• Exercise description: When you reach the line below that has "4 Jars Chrome", start returning lines exactly, and stop after the line that has "發(fā)往昆明春城電纜廠機(jī)頭料破碎機(jī)SP400型一臺"; skip the pictures.

+++ Dataset extract

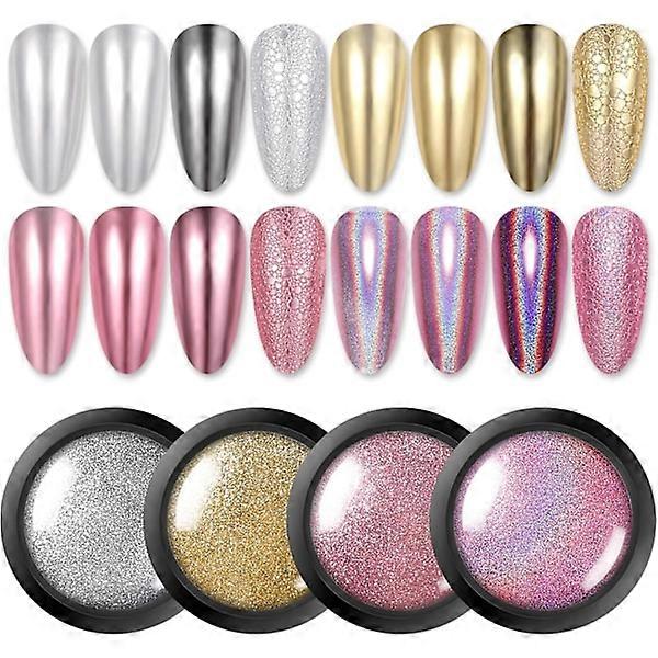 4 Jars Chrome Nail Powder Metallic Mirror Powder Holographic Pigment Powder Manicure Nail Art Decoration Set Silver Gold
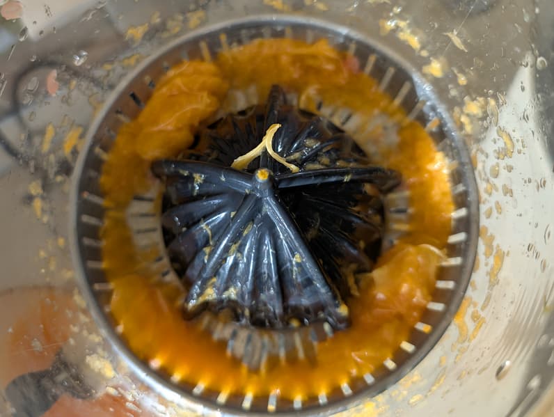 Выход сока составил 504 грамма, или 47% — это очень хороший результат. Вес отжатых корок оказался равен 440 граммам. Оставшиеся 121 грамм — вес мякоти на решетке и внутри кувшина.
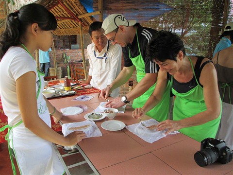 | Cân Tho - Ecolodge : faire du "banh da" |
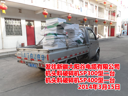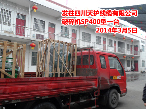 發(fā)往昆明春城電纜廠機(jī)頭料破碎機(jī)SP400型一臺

++++++
+++ Dataset extract

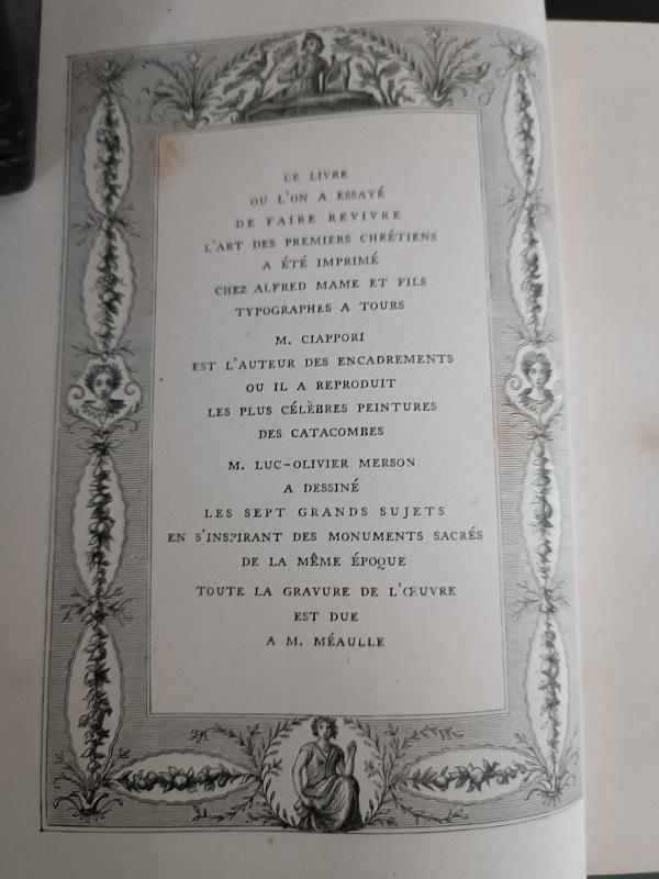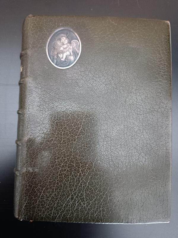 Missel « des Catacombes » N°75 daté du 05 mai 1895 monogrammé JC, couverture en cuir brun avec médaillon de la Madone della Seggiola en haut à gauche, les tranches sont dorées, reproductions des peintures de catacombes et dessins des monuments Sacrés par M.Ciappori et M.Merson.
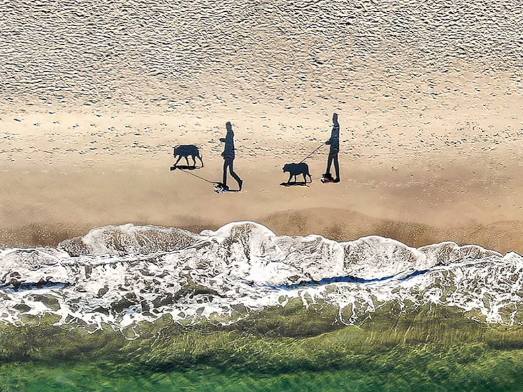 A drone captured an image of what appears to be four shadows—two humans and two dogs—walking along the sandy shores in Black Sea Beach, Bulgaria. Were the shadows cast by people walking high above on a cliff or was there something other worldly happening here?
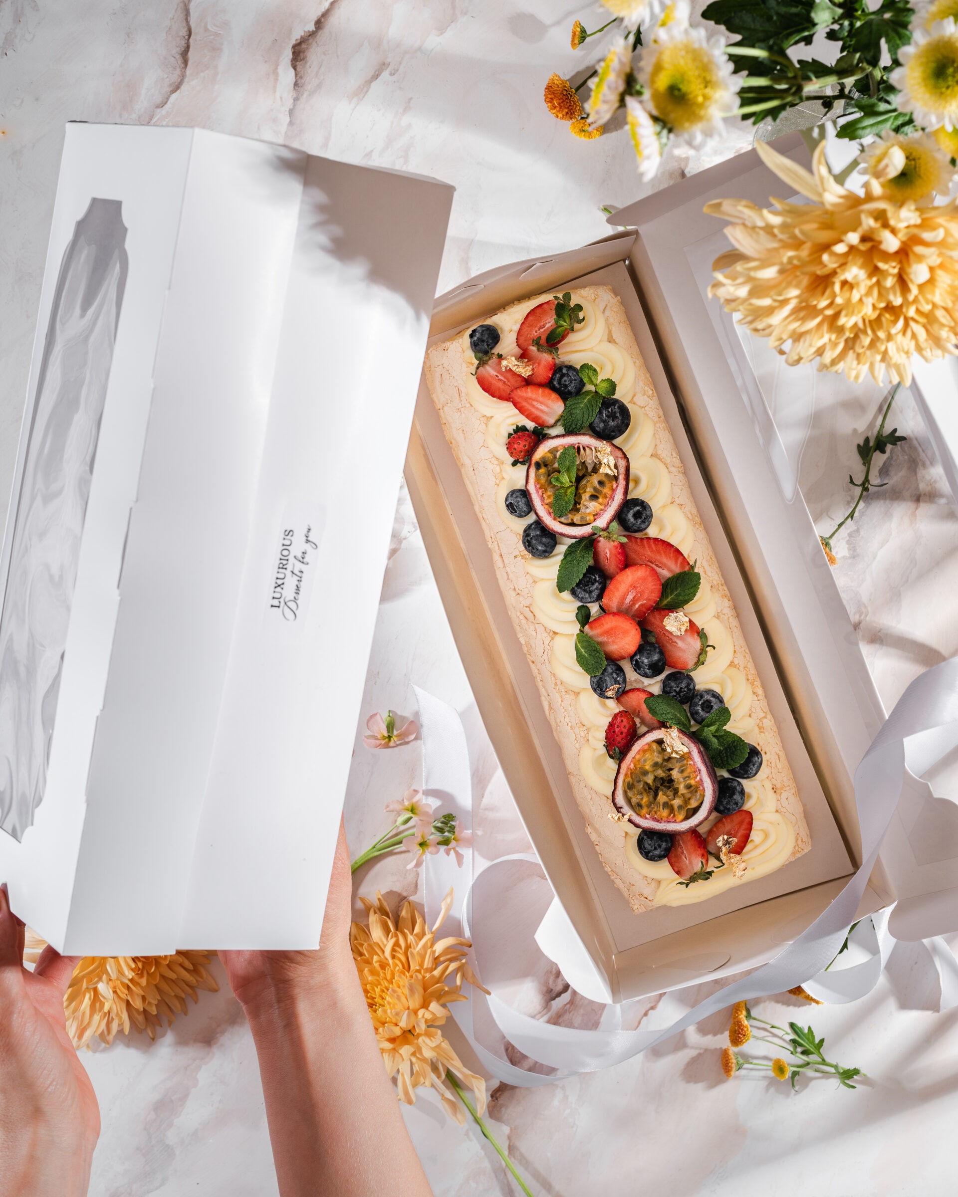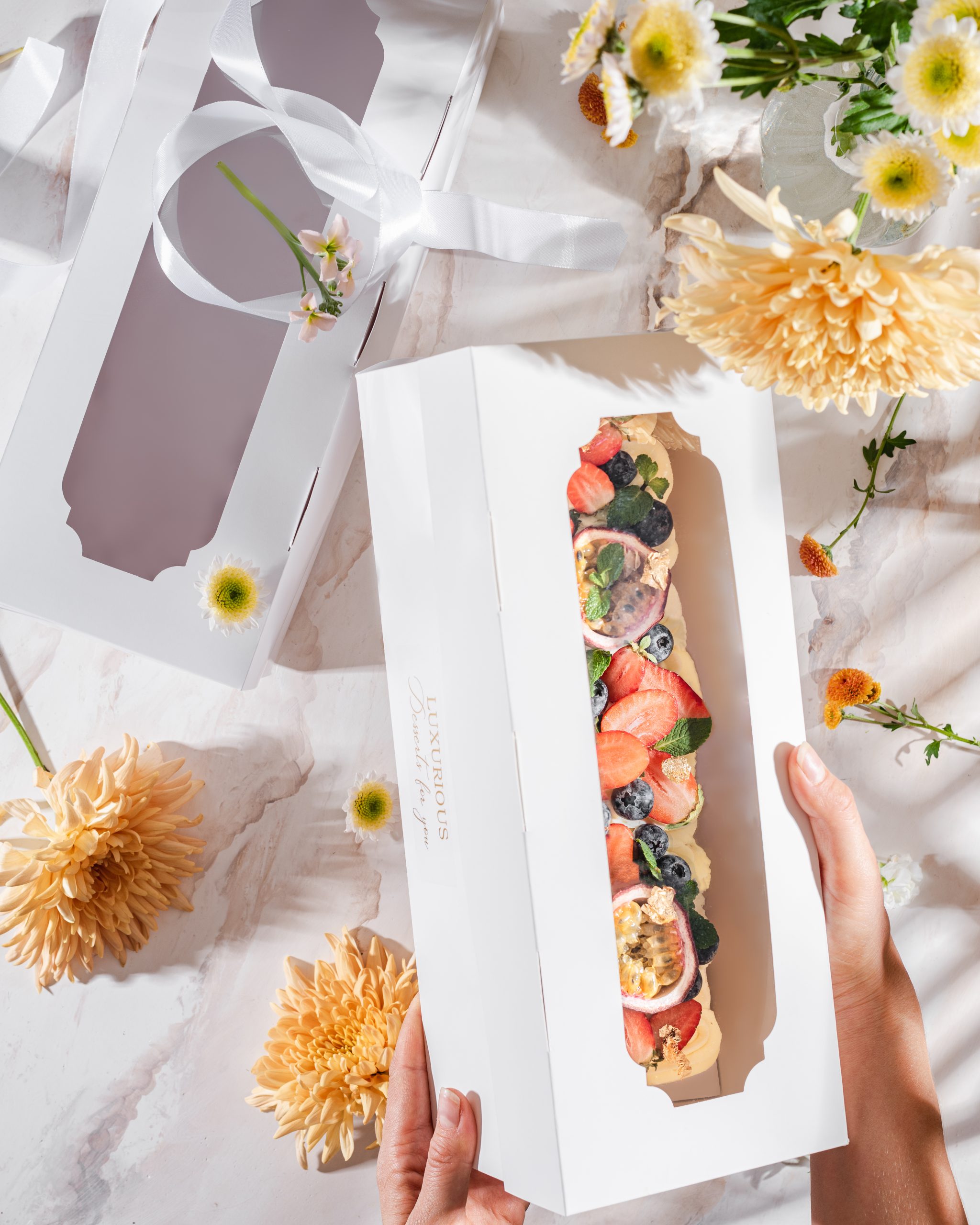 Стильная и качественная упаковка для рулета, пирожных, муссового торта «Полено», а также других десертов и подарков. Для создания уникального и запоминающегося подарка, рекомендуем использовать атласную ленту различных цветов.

++++++

• Answer box:
 4 Jars Chrome Nail Powder Metallic Mirror Powder Holographic Pigment Powder Manicure Nail Art Decoration Set Silver Gold
 Выход сока составил 504 грамма, или 47% — это очень хороший результат. Вес отжатых корок оказался равен 440 граммам. Оставшиеся 121 грамм — вес мякоти на решетке и внутри кувшина.
 | Cân Tho - Ecolodge : faire du "banh da" |
 發(fā)往昆明春城電纜廠機(jī)頭料破碎機(jī)SP400型一臺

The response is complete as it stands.